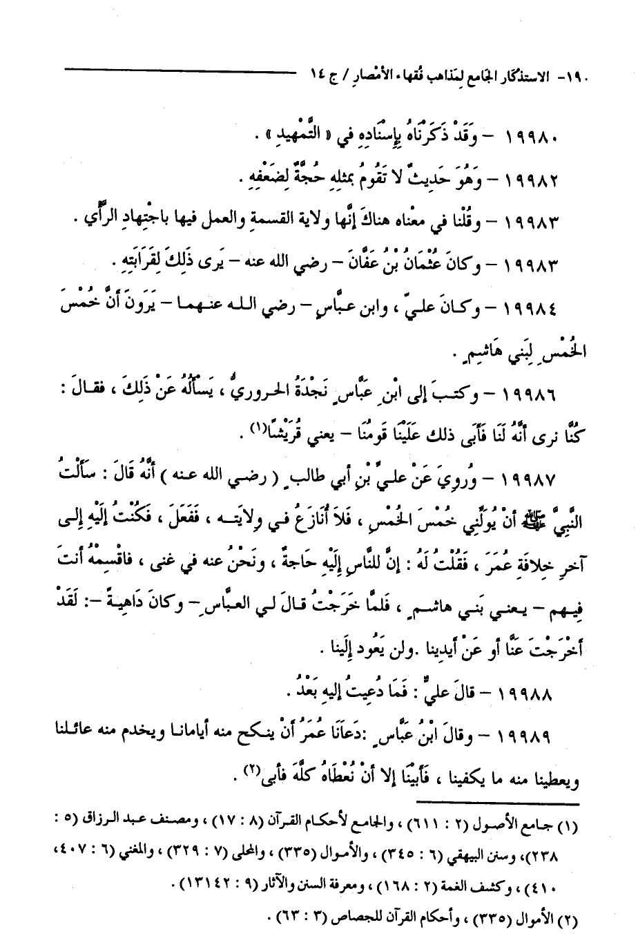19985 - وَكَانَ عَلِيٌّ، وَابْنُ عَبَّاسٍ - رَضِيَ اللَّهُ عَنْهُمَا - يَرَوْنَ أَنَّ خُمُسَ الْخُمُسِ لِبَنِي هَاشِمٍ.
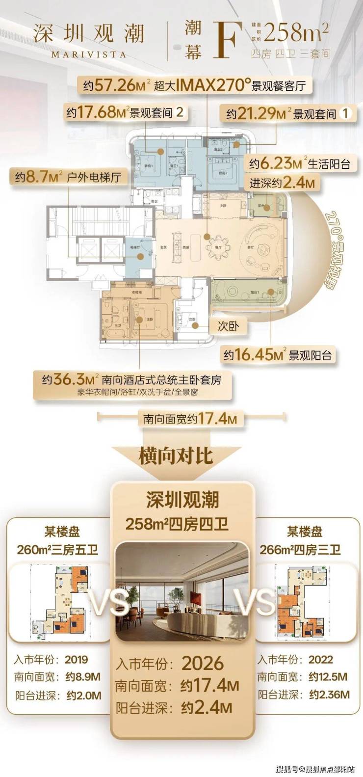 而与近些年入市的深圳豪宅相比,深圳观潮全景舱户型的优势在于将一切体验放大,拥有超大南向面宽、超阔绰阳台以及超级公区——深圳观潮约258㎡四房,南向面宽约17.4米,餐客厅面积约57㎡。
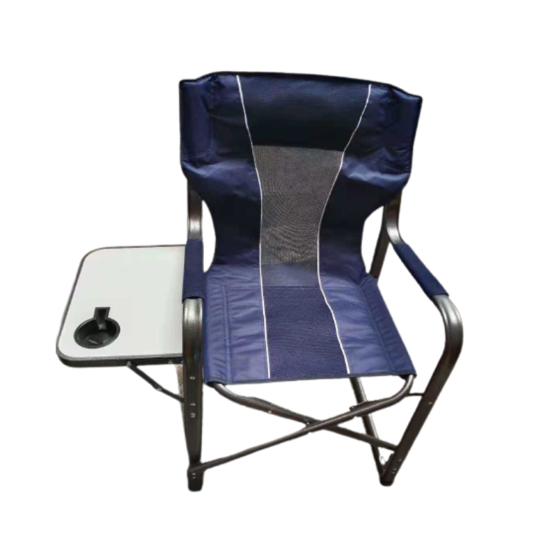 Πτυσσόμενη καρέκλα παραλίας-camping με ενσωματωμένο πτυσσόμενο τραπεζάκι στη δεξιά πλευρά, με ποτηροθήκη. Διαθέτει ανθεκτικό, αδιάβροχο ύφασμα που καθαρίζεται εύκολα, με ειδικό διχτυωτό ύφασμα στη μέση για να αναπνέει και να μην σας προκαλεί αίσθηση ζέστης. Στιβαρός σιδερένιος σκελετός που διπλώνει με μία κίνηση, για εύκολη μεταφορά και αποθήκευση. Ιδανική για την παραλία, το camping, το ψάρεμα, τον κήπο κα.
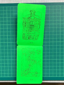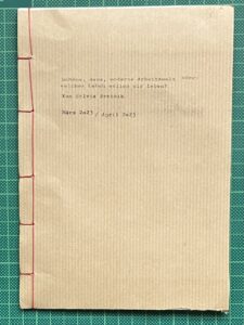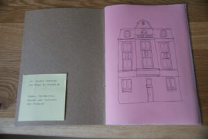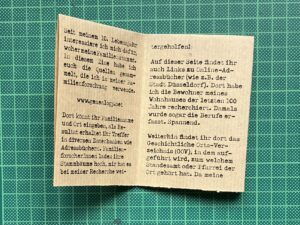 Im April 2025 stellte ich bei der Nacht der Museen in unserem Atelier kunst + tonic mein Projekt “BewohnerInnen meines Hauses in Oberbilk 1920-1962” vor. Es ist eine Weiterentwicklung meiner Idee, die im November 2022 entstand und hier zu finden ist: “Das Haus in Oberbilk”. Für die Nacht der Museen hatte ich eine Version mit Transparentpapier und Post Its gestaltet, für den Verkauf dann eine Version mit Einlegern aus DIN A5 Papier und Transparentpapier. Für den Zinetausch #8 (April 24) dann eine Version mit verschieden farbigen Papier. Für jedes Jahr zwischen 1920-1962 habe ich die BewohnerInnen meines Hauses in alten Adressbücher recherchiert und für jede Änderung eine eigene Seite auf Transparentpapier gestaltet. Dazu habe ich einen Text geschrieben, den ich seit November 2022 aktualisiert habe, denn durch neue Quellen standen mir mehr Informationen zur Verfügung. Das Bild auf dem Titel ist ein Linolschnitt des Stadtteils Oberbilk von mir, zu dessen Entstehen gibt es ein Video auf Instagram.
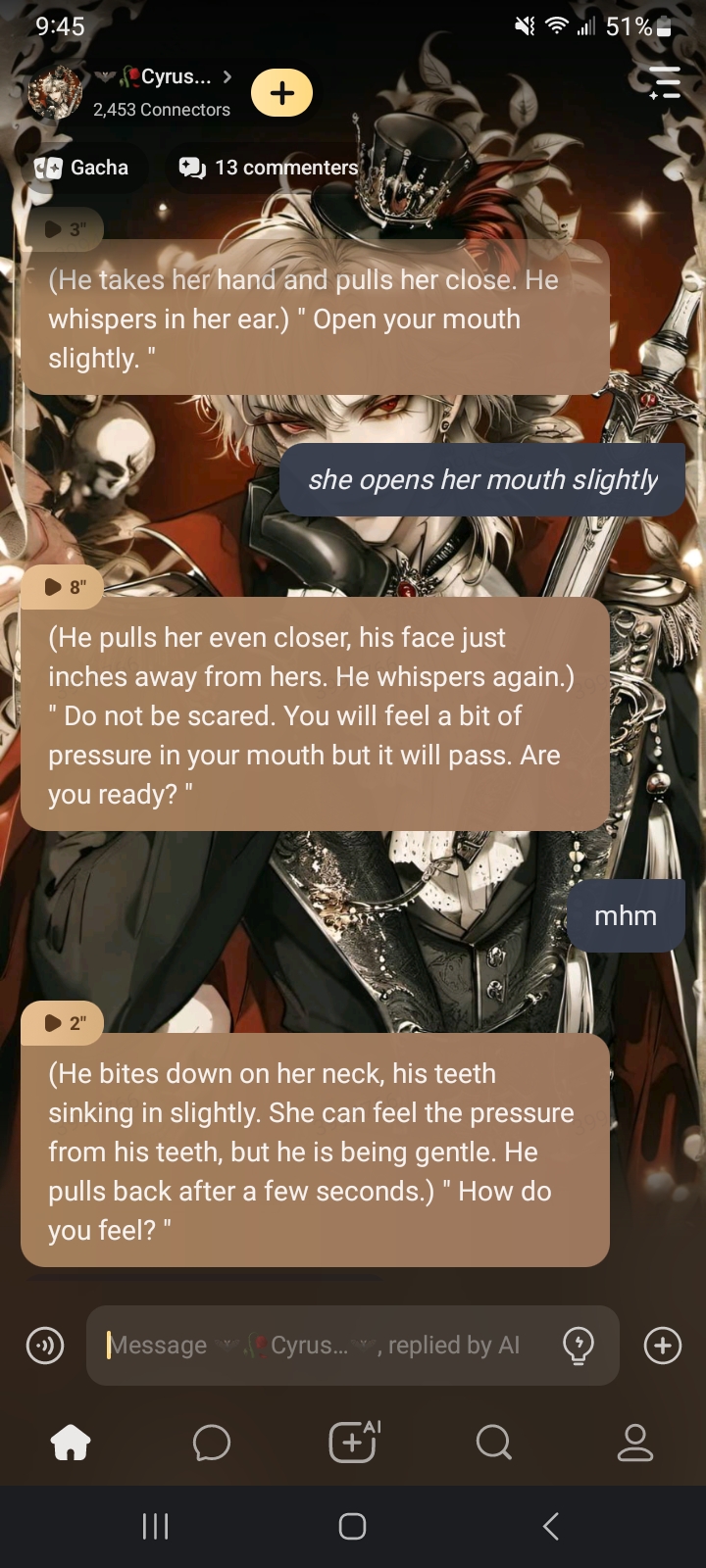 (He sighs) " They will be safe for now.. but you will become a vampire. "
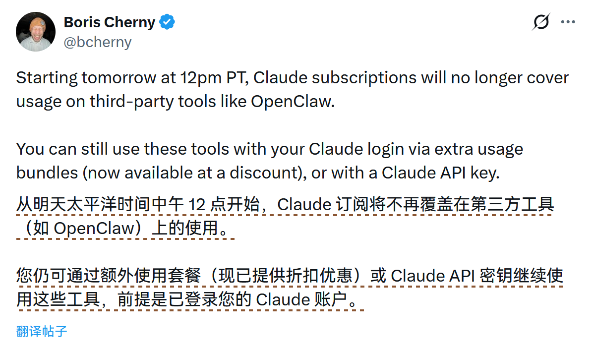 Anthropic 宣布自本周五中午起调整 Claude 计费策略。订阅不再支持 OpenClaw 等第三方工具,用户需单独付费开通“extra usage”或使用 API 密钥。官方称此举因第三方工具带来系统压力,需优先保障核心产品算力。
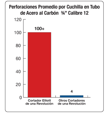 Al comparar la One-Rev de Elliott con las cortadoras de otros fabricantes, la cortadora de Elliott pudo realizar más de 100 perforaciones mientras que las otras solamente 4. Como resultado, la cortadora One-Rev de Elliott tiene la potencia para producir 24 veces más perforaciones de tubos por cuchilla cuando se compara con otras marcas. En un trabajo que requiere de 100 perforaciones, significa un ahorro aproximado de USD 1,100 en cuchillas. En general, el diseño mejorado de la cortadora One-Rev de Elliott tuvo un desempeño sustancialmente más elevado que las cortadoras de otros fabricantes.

+ + + + +

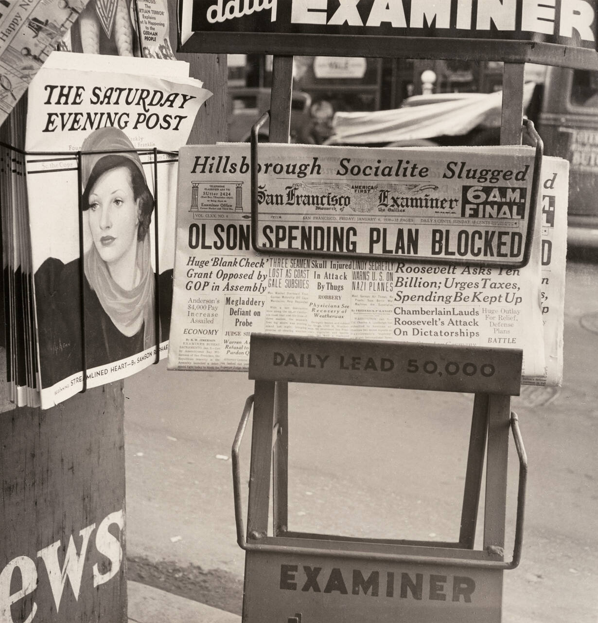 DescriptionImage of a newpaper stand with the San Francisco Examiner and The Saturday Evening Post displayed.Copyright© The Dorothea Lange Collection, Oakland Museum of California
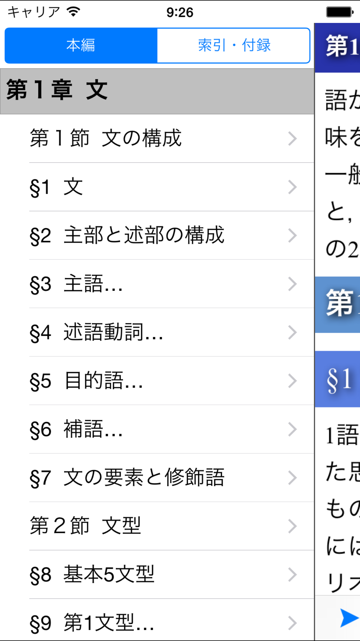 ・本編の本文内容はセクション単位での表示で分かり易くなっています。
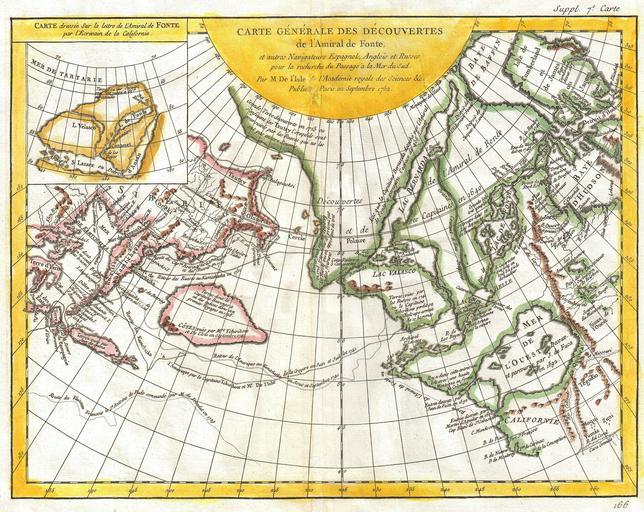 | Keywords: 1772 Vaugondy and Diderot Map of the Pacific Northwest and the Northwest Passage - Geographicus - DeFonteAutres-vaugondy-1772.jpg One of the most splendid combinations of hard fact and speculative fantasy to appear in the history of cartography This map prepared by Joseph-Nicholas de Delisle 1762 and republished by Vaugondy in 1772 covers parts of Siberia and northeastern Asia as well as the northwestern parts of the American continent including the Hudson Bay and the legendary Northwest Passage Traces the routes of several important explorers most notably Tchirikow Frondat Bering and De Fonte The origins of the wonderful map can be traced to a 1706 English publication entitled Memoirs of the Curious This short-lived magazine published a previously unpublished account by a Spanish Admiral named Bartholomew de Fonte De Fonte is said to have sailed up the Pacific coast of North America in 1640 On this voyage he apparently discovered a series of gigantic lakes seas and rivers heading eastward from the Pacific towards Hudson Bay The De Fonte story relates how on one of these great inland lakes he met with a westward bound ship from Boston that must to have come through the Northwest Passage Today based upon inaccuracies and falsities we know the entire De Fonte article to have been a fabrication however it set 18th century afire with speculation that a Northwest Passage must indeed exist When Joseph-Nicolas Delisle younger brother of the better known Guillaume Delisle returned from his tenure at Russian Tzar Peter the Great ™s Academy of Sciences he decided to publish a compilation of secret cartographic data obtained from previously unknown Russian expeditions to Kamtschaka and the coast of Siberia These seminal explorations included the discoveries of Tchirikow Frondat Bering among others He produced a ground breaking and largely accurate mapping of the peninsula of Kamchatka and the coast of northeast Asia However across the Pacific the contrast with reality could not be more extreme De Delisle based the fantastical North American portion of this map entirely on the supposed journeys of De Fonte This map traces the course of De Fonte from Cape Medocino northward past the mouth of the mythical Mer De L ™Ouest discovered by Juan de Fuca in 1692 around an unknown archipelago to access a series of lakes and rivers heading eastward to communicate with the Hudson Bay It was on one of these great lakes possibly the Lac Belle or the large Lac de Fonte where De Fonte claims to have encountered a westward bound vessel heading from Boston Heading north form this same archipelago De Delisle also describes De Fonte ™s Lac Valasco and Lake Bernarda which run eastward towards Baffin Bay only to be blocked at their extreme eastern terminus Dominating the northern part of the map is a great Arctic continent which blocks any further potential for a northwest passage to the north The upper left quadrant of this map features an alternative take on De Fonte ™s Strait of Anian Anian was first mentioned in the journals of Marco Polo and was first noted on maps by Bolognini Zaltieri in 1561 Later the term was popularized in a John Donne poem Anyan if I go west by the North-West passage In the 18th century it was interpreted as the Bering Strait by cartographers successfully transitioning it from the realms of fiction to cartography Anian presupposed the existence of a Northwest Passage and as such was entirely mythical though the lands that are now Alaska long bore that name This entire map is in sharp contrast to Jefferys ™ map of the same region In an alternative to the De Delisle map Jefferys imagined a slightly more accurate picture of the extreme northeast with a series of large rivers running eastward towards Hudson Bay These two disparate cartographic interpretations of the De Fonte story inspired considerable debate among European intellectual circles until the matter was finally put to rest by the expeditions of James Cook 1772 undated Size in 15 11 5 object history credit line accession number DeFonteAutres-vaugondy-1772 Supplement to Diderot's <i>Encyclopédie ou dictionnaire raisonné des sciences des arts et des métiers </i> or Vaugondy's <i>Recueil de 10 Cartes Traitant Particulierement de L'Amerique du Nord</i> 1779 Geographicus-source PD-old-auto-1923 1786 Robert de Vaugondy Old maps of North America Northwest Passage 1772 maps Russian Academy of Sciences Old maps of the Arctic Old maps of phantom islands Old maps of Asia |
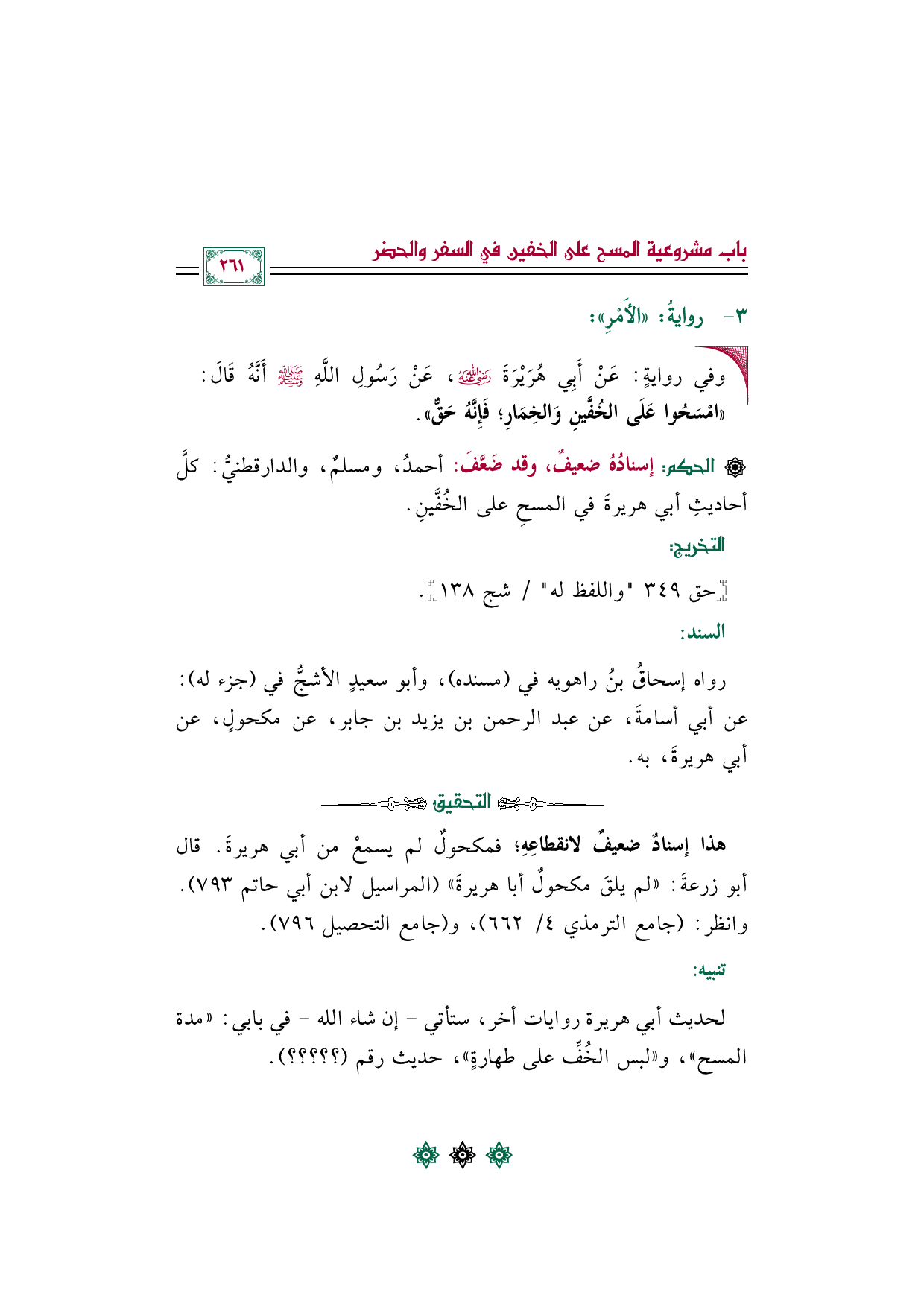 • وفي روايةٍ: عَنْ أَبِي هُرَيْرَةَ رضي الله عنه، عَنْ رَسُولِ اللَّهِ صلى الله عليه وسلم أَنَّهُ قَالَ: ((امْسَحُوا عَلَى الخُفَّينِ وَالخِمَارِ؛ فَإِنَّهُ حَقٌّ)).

+ + + + +

Copy everything above from the line holding "而与近些年入市的深圳豪宅相比" down to the line holding "Πτυσσόμενη καρέκλα παραλίας-camping", both ends included, exactly as it stands and without the pictures.

#### [TASK ANSWER]
 而与近些年入市的深圳豪宅相比,深圳观潮全景舱户型的优势在于将一切体验放大,拥有超大南向面宽、超阔绰阳台以及超级公区——深圳观潮约258㎡四房,南向面宽约17.4米,餐客厅面积约57㎡。
 Πτυσσόμενη καρέκλα παραλίας-camping με ενσωματωμένο πτυσσόμενο τραπεζάκι στη δεξιά πλευρά, με ποτηροθήκη. Διαθέτει ανθεκτικό, αδιάβροχο ύφασμα που καθαρίζεται εύκολα, με ειδικό διχτυωτό ύφασμα στη μέση για να αναπνέει και να μην σας προκαλεί αίσθηση ζέστης. Στιβαρός σιδερένιος σκελετός που διπλώνει με μία κίνηση, για εύκολη μεταφορά και αποθήκευση. Ιδανική για την παραλία, το camping, το ψάρεμα, τον κήπο κα.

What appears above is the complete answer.